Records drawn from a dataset
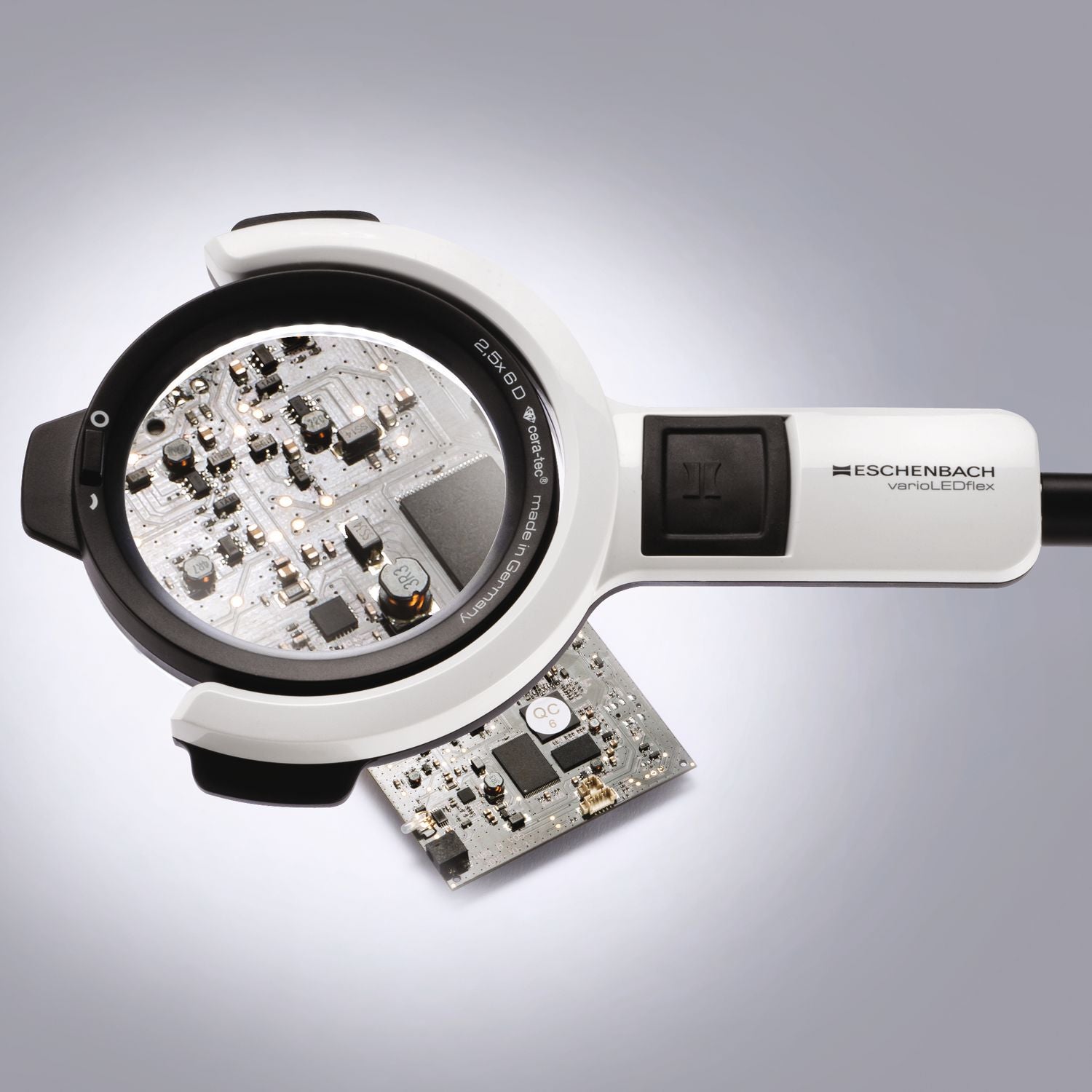 Die ultraflexible Lupenleuchte varioLEDflex von Eschenbach bietet die Möglichkeit zwischen schattenfreier LED-Ringbeleuchtung und Segmentschaltung umzuschalten. Mit der Segmentschaltung können einzelnen Bereiche des LED-Rings ab- oder zugeschaltet werden. Durch den kontrollierten Schattenwurf können auch feine Strukturen auf der Oberfläche sichtbar gemacht und beurteilt werden.
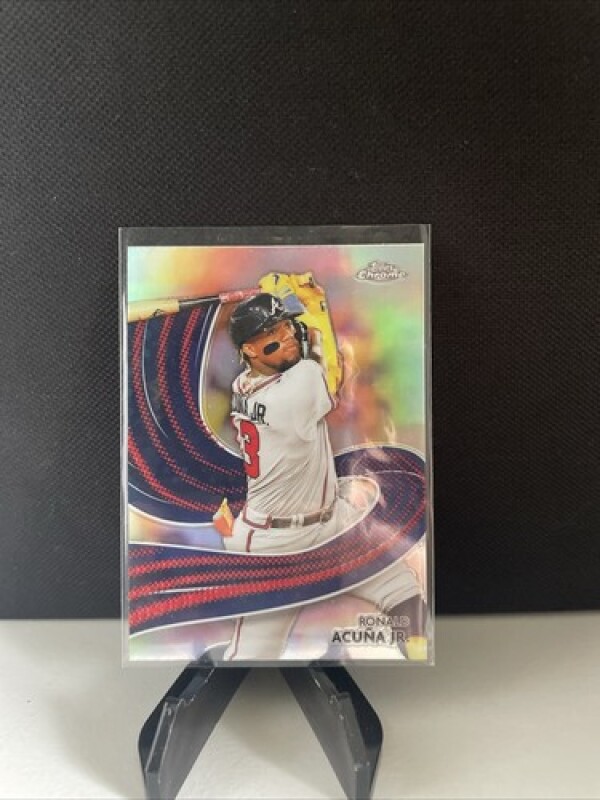 This 2024 Topps Chrome Strokes trading card features Major League Baseball player Ronald Acuna Jr. of the Atlanta Braves. The card is made of high-quality card stock and is an original, licensed reprint. It is part of the 2024 Topps Chrome set and has a card number of S-12.
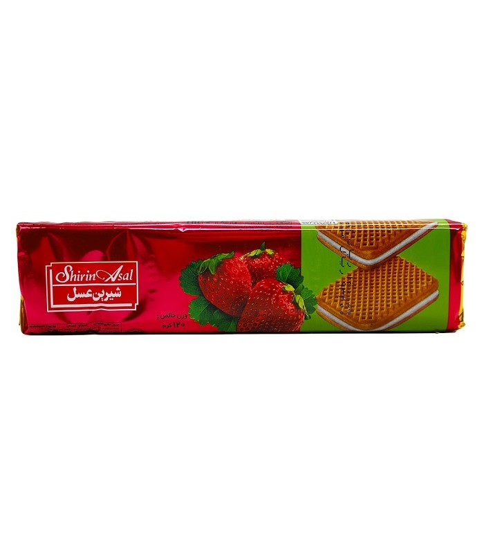 بیسکویت ساندویچی شیرین عسل 120 گرم یک میان وعده‌ی بسیار لذیذ برای تمام گروه‌های سنی به ویژه کودکان، بیسکویت کرمدار با طعم توت فرنگی است.
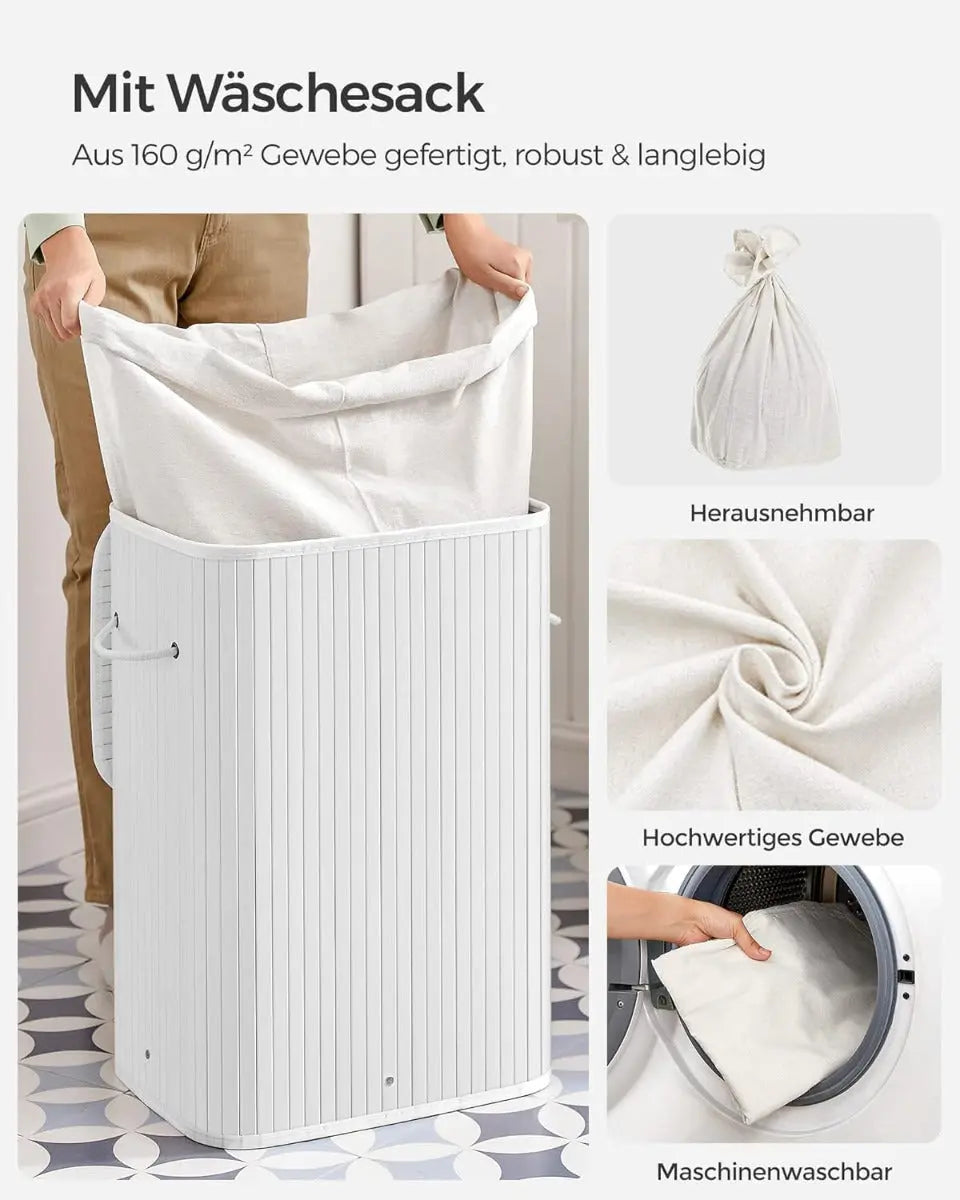 SONGMICS Wäschekorb Wäschesammler mit Deckel – Bambus, herausnehmbarer Innensack, faltbar, 72 l Fassungsvermögen, 40 × 30 × 61 cm, weiss
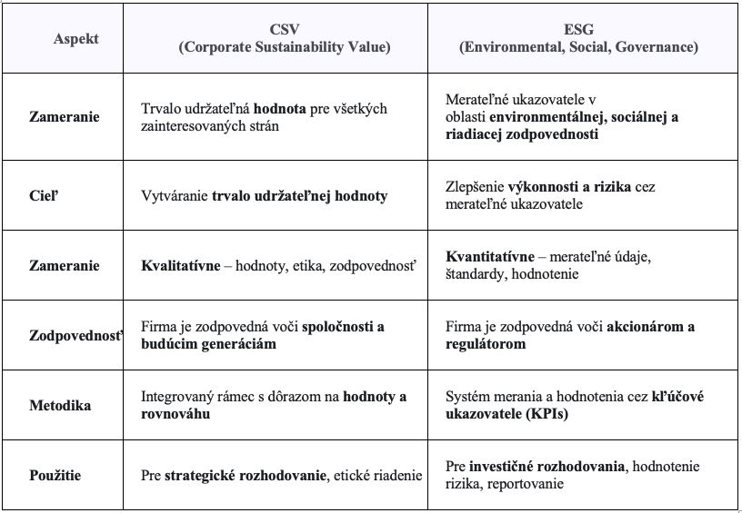 Porovnanie CSV (z ang. Corporate Sustainability Value) s ESG (z ang. Environmental, Social, Governance) je relevantné, pretože obe sú rámce zamerané na trvalú hodnotu v podnikaní, ale s rozdielnym prístupom.
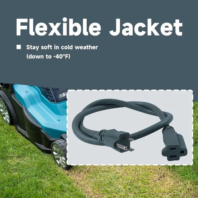Safety and Durability - UL Listed for safety, this extension powercord features a 3-prong grounded plug and reinforced blades to prevent bending or breaking. It remains flexible in all weather conditions, ensuring longevity without stiffening or cracking even in cold weather.

> [Exercise aim] Output nothing except an exact copy of the records above, with the images left out.

> [Reply to the task]
 Die ultraflexible Lupenleuchte varioLEDflex von Eschenbach bietet die Möglichkeit zwischen schattenfreier LED-Ringbeleuchtung und Segmentschaltung umzuschalten. Mit der Segmentschaltung können einzelnen Bereiche des LED-Rings ab- oder zugeschaltet werden. Durch den kontrollierten Schattenwurf können auch feine Strukturen auf der Oberfläche sichtbar gemacht und beurteilt werden.
 This 2024 Topps Chrome Strokes trading card features Major League Baseball player Ronald Acuna Jr. of the Atlanta Braves. The card is made of high-quality card stock and is an original, licensed reprint. It is part of the 2024 Topps Chrome set and has a card number of S-12.
 بیسکویت ساندویچی شیرین عسل 120 گرم یک میان وعده‌ی بسیار لذیذ برای تمام گروه‌های سنی به ویژه کودکان، بیسکویت کرمدار با طعم توت فرنگی است.
 SONGMICS Wäschekorb Wäschesammler mit Deckel – Bambus, herausnehmbarer Innensack, faltbar, 72 l Fassungsvermögen, 40 × 30 × 61 cm, weiss
 Porovnanie CSV (z ang. Corporate Sustainability Value) s ESG (z ang. Environmental, Social, Governance) je relevantné, pretože obe sú rámce zamerané na trvalú hodnotu v podnikaní, ale s rozdielnym prístupom.
Safety and Durability - UL Listed for safety, this extension powercord features a 3-prong grounded plug and reinforced blades to prevent bending or breaking. It remains flexible in all weather conditions, ensuring longevity without stiffening or cracking even in cold weather.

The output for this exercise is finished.